== GIVEN DATA

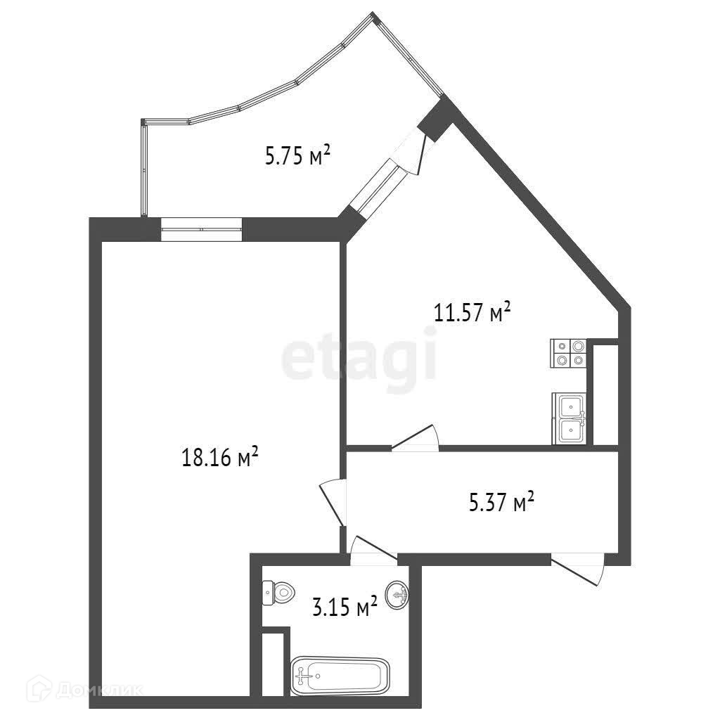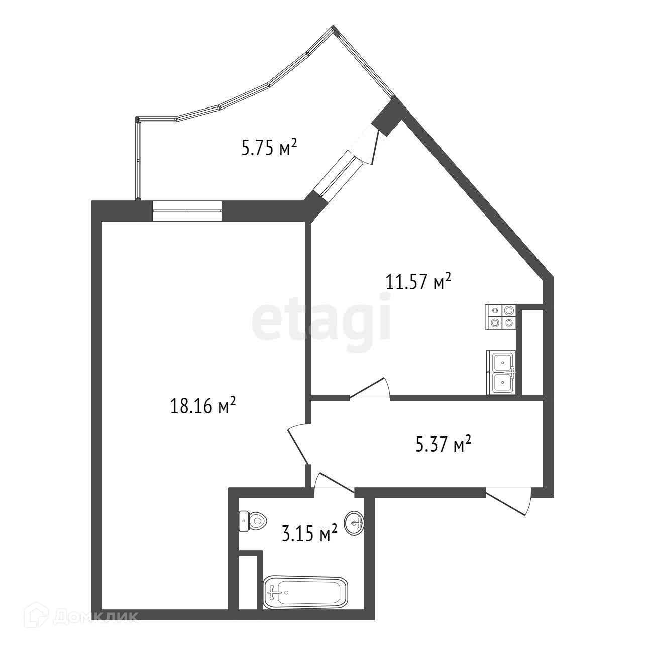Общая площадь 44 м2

====
== GIVEN DATA

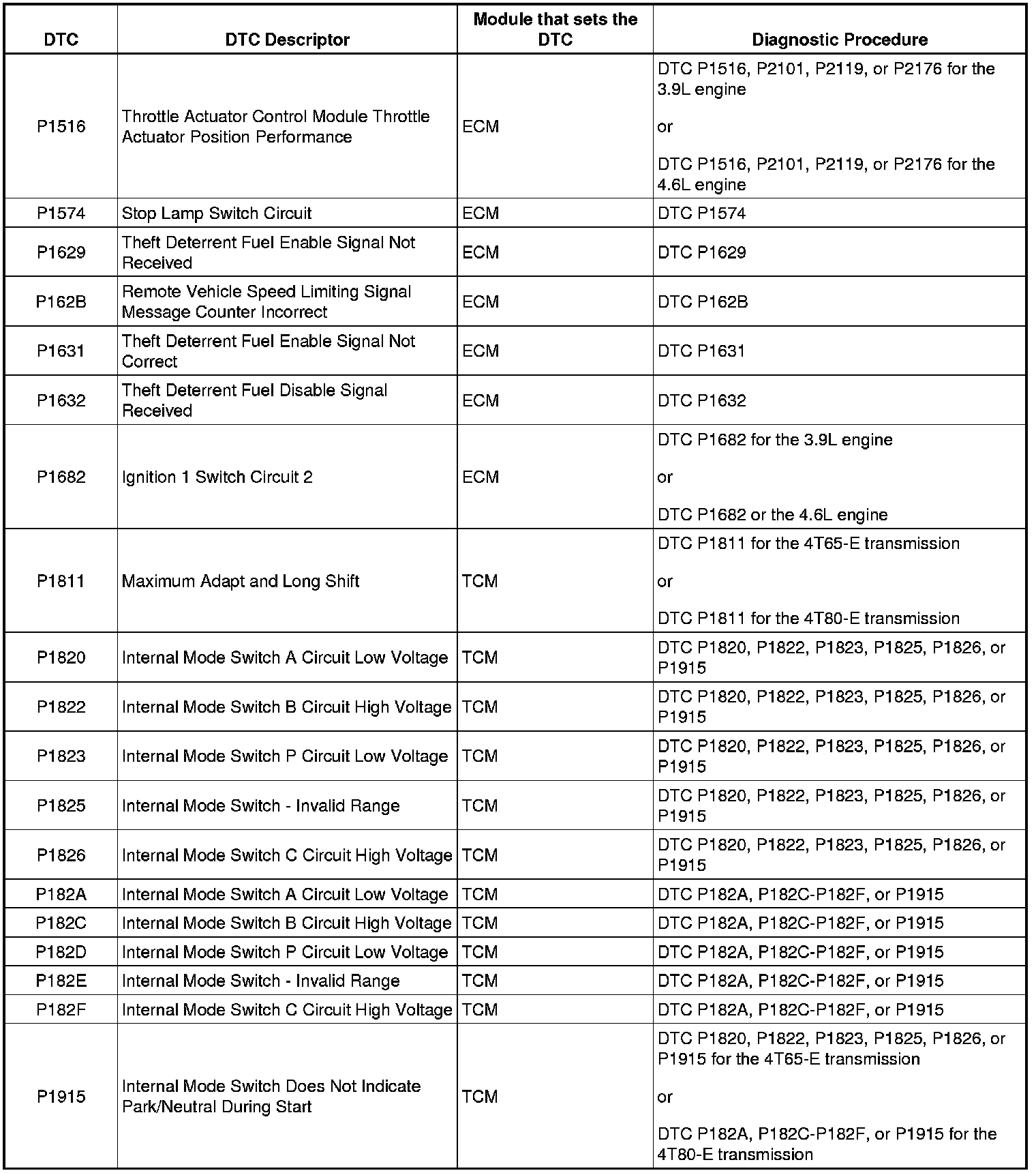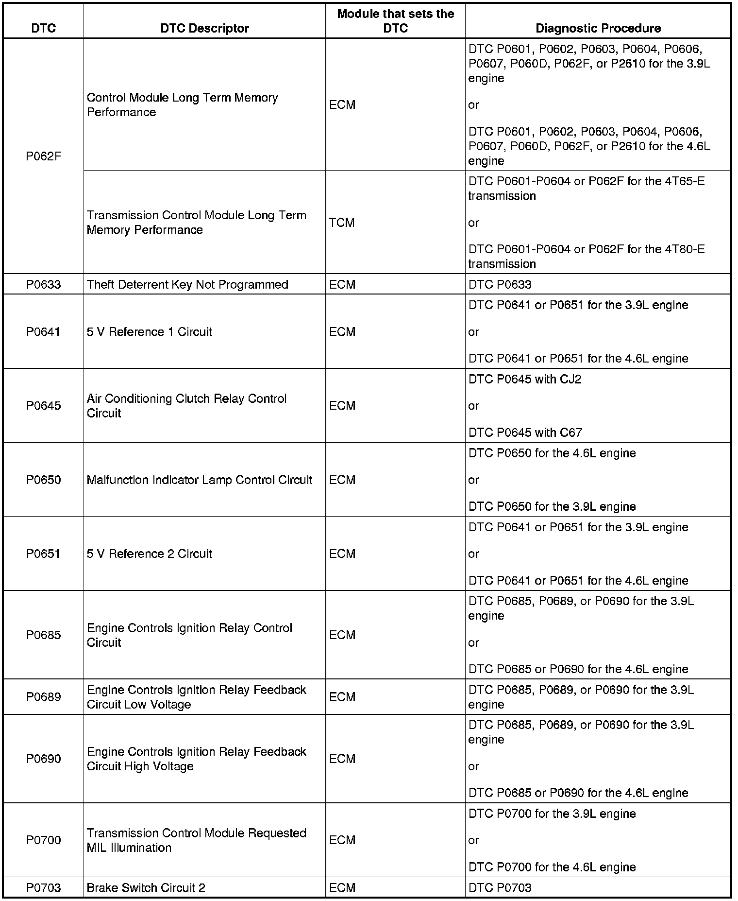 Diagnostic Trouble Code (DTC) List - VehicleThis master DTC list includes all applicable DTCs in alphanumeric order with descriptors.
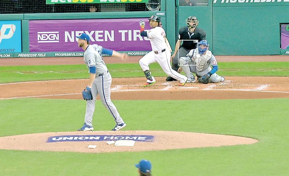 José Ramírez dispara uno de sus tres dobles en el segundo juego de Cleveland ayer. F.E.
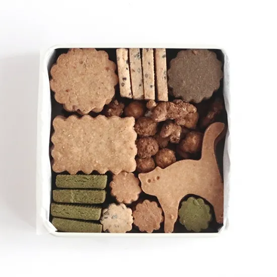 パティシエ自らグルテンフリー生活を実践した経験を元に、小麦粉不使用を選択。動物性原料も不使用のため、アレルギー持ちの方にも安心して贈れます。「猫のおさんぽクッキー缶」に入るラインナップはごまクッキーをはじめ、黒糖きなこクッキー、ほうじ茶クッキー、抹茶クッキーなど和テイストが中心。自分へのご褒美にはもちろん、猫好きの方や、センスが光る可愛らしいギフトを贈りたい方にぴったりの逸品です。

====

## [WORK TO BE COMPLETED]
In the entries above, find the line with "José Ramírez dispara" and the line with "パティシエ自らグルテンフリー". Return exactly those lines and all the ones between them, pictures excluded.

## [RESULT FOR THIS TASK]
 José Ramírez dispara uno de sus tres dobles en el segundo juego de Cleveland ayer. F.E.
 パティシエ自らグルテンフリー生活を実践した経験を元に、小麦粉不使用を選択。動物性原料も不使用のため、アレルギー持ちの方にも安心して贈れます。「猫のおさんぽクッキー缶」に入るラインナップはごまクッキーをはじめ、黒糖きなこクッキー、ほうじ茶クッキー、抹茶クッキーなど和テイストが中心。自分へのご褒美にはもちろん、猫好きの方や、センスが光る可愛らしいギフトを贈りたい方にぴったりの逸品です。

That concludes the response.